The spring grannom caddis hatch on the McKenzie is an odd one. When the hatch is light, it can make for some good dry fly fishing. On sunny days when the bugs come off in profusion, however, they make for some very difficult fishing conditions. Why you ask? Because there are literally billions of them on the water at a time. Yesterday between noon and two o’clock, there were mats of these bugs on the water, with multitudes more hovering over the surface, appearing from a distance like fog. Basically, it is a drought of abundance, there is so much food available to the fish that there is no compelling reason for them to pick your fly out of the horde.
Often during this hatch, I do better fishing attractors like a small Royal Wulff or Royal Trude than I do using an imitation of the caddis itself.
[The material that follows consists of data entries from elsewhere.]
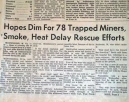 Photo by Bob Campion. The monstrous explosion struck the mine at 5:30 that morning, shaking the ground 12 miles away. Smoke and flames surged 150 feet into the
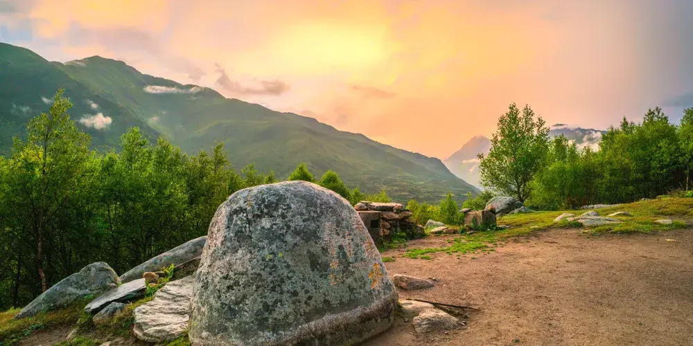 鍋莊坪是一個面積約300多畝的大草坪,它具有典型的高山草甸風光,每當鮮花盛開的時節,這裏微微起伏的山坡上,草木豐盛,野花絢爛,牛羊兒悠閑自在地吃草。當春天來臨時,當地的村民便會上山去采野生菌菇。站在這裏可以將四姑娘山的風采盡收眼底,是拍攝四姑娘山全貌的絕佳地。
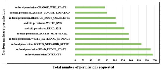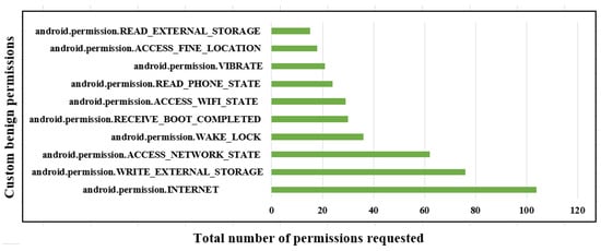 The results obtained permit us to obtain insights regarding a comparison between the permissions used by the malware and the benign applications, as shown in Table 1 and Figure 5 and Figure 6.
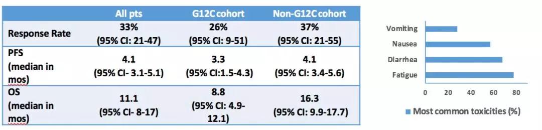 曲美替尼是一种MEK抑制剂,MEK是RAS和RAF的下游信号转导蛋白,因此曲美替尼对KRAS突变肺癌可能有效。这项研究探索了曲美替尼联合多西他赛治疗KRAS阳性NSCLC在不同基因突变亚型中的疗效。研究纳入了54例患者,其中70%既往接受过2线治疗,其中19例为G12C突变,9例G12D突变,9例G12A突变,结果显示:联合治疗ORR为33%,中位PFS为4.1个月,中位OS为11.1个月。各突变亚组分析中,KRAS G12C突变患者的疗效较非KRAS G12C突变相对较差(ORR:26% vs. 37%;PFS:3.3 vs.4.1个月;OS:8.8 vs.16.3个月),但未达统计学差异,这同我们以往看到的数据报道一致。最常见的不良反应为疲劳(78%),腹泻(68%),恶心(57%)和呕吐(28%)。一例患者死于治疗相关的呼吸衰竭。

Weather always influences the relative abundance of different hatches. The cloudy days this week have brought good mid-day March Brown hatches and very good trout fishing. The sunny days, however, have provoked fish and angler-choking swarms of the small caddises. Fortunately, this caddis hatch is usually fairly short-lived, and hopefully the brunt of it is over. I anticipate that we have got maybe another week to ten days of the March Brown hatch to look forward to, after which smaller and paler mayflies will take center stage.
Yesterday was 65 degrees and sunny and the caddis came off by the billions. I was guiding a couple of guys from the Salem area. After an unimpressive start, I decided that we would be best served by nymphing through the caddis swarm, an approach which yielded a good number of big wild rainbows.
So people drive all the way to Montana for the Mother’s Day Caddis hatch, but it’s been going on here in Oregon this whole time? Hilarious! I spent a week on the Yellowstone and tribs a few years back, lured there by the hatch. That trip convinced me that Montana is highly overrated. The McKenzie, however, seems to be underrated.